WORK INSTRUCTION →
Copy the data exactly; pictures stay out of the copy.

SOURCE DATA →
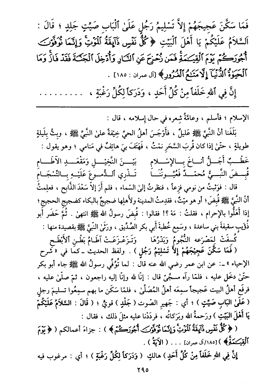 (فما سكّن عجيجهم إلّا تسليم رجل) . ولفظ الحديث- كما في «شرح الإحياء» -: عن ابن عمر رضي الله عنه قال: لما توفّي رسول الله صلى الله عليه وسلم جاء أبو بكر حتّى دخل عليه، فلمّا رآه مسجّى قال: إنّا لله وإنّا إليه راجعون، ثمّ صلّى عليه، فرفع أهل البيت عجيجا سمعه أهل المصلّى، فلمّا سكن ما بهم سمعوا تسليم رجل (على الباب صيّت) ؛ أي: جهير الصّوت (جلد) قويّ؛ (قال: السّلام عليكم يا أهل البيت) ورحمة الله وبركاته، فرددنا عليه مثل ذلك، فقال:
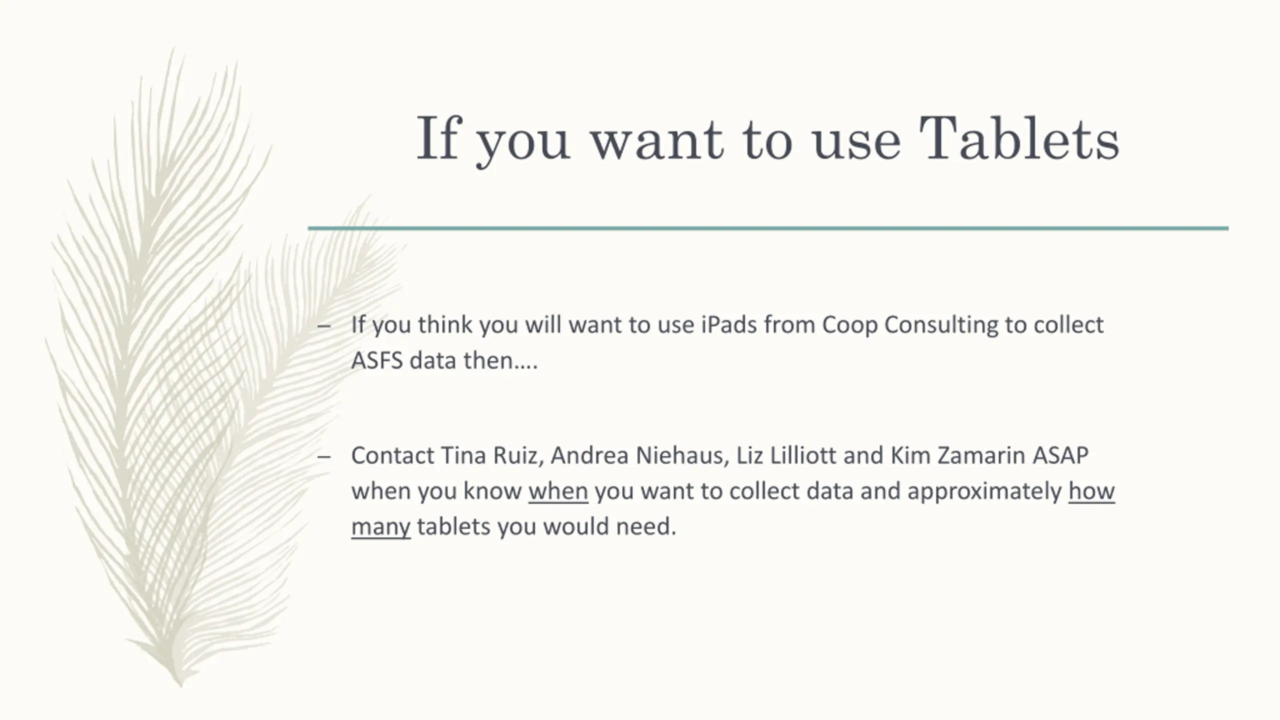 If you want to use Tablets If you think you will want to use iPads from Coop Consulting to collect ASFS data then . Contact Tina Ruiz, Andrea Niehaus, Liz Lilliott and Kim Zamarin ASAP when you know when you want to collect data and approximately how many tablets you would need.
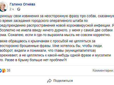 ГалинаОгнева на своей странице в Facebook**** уже опубликовала пост, в котором попросила извинения за "неосторожную фразу" про собак. По ее словам, она не имела в виду ничего дурного, поскольку у нее самой два питомца дома.
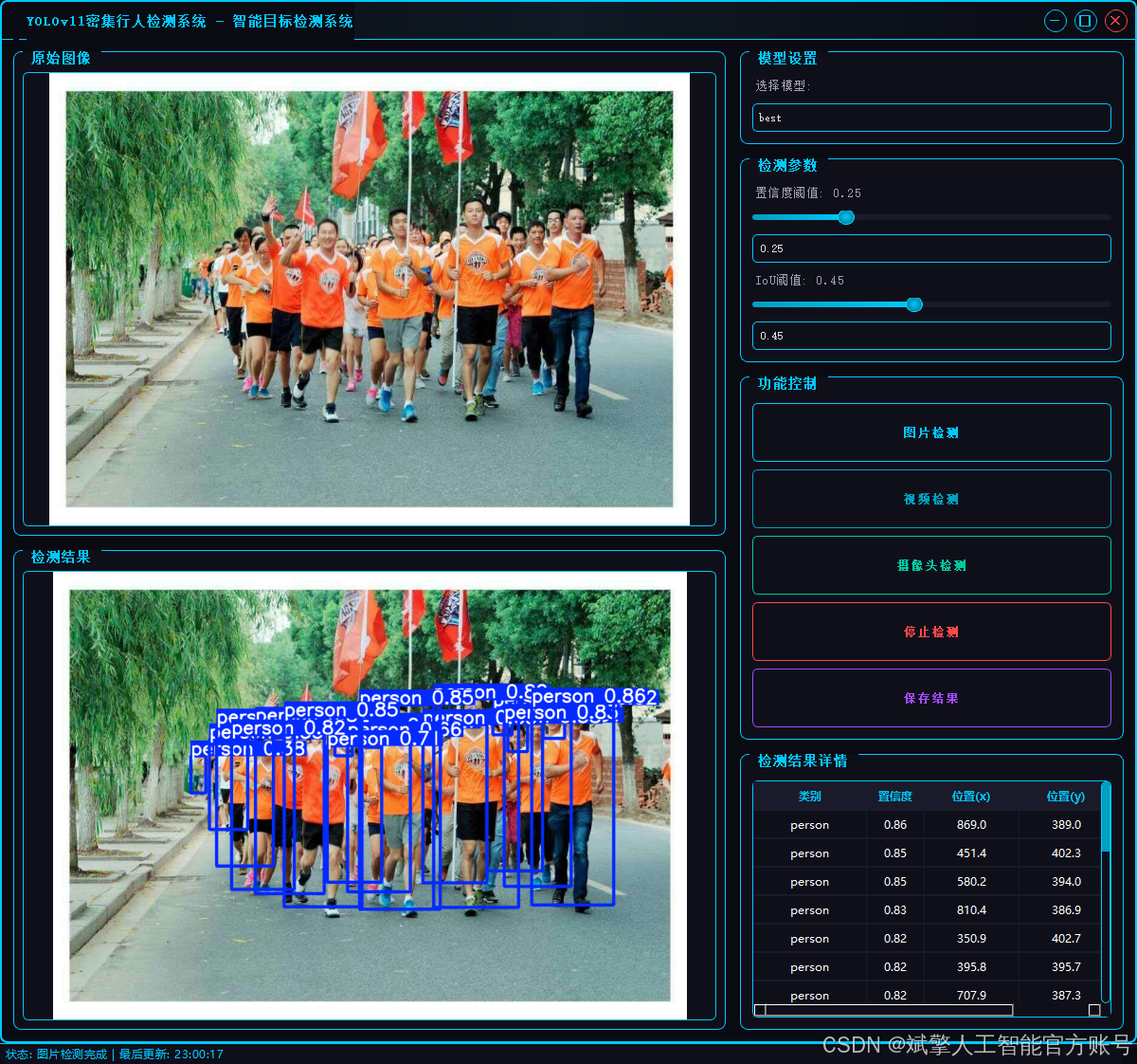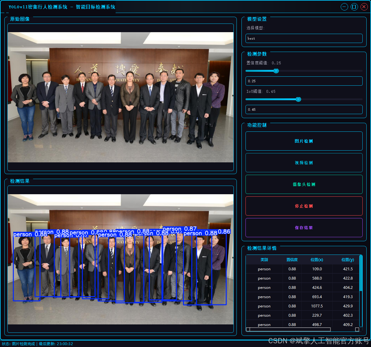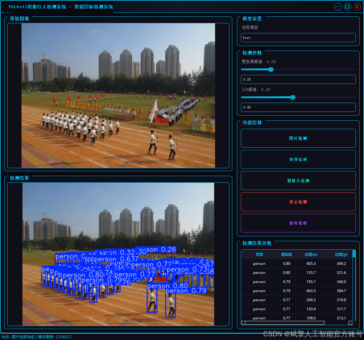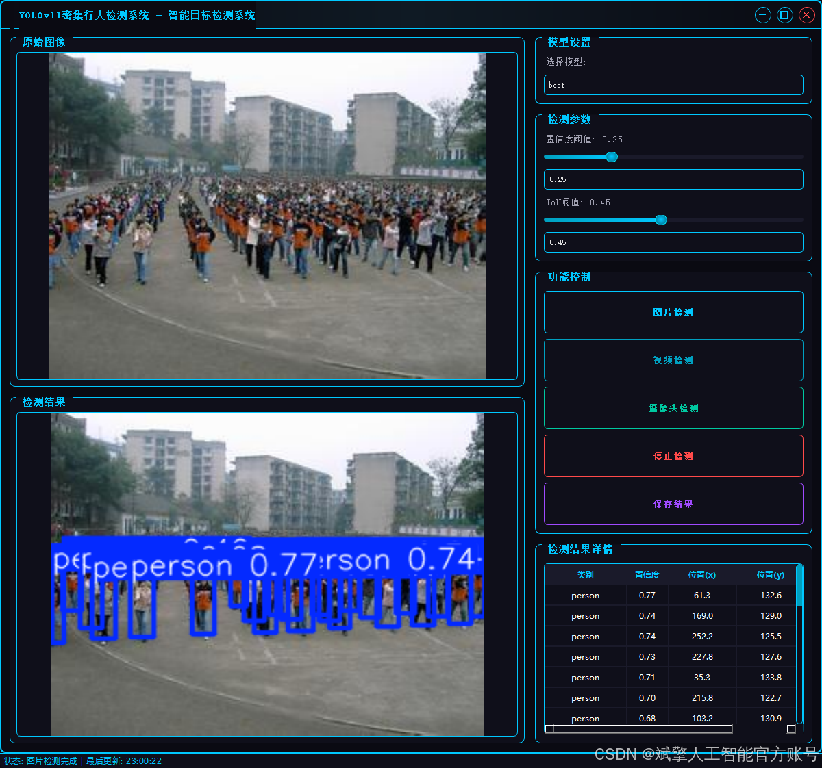 随着计算机视觉技术的快速发展,行人检测在智能监控、自动驾驶、公共安全等领域具有广泛的应用价值。然而,密集场景下的行人检测仍面临目标遮挡、尺度变化和背景干扰等挑战。YOLO系列算法因其高效的检测速度和良好的精度,成为目标检测领域的主流方法之一。本文基于YOLOv11模型,结合大规模YOLO数据集(训练集7200张、验证集1800张),构建了一套端到端的密集行人识别检测系统。

TASK SOLUTION →
 (فما سكّن عجيجهم إلّا تسليم رجل) . ولفظ الحديث- كما في «شرح الإحياء» -: عن ابن عمر رضي الله عنه قال: لما توفّي رسول الله صلى الله عليه وسلم جاء أبو بكر حتّى دخل عليه، فلمّا رآه مسجّى قال: إنّا لله وإنّا إليه راجعون، ثمّ صلّى عليه، فرفع أهل البيت عجيجا سمعه أهل المصلّى، فلمّا سكن ما بهم سمعوا تسليم رجل (على الباب صيّت) ؛ أي: جهير الصّوت (جلد) قويّ؛ (قال: السّلام عليكم يا أهل البيت) ورحمة الله وبركاته، فرددنا عليه مثل ذلك، فقال:
 If you want to use Tablets If you think you will want to use iPads from Coop Consulting to collect ASFS data then . Contact Tina Ruiz, Andrea Niehaus, Liz Lilliott and Kim Zamarin ASAP when you know when you want to collect data and approximately how many tablets you would need.
 ГалинаОгнева на своей странице в Facebook**** уже опубликовала пост, в котором попросила извинения за "неосторожную фразу" про собак. По ее словам, она не имела в виду ничего дурного, поскольку у нее самой два питомца дома.
 随着计算机视觉技术的快速发展,行人检测在智能监控、自动驾驶、公共安全等领域具有广泛的应用价值。然而,密集场景下的行人检测仍面临目标遮挡、尺度变化和背景干扰等挑战。YOLO系列算法因其高效的检测速度和良好的精度,成为目标检测领域的主流方法之一。本文基于YOLOv11模型,结合大规模YOLO数据集(训练集7200张、验证集1800张),构建了一套端到端的密集行人识别检测系统。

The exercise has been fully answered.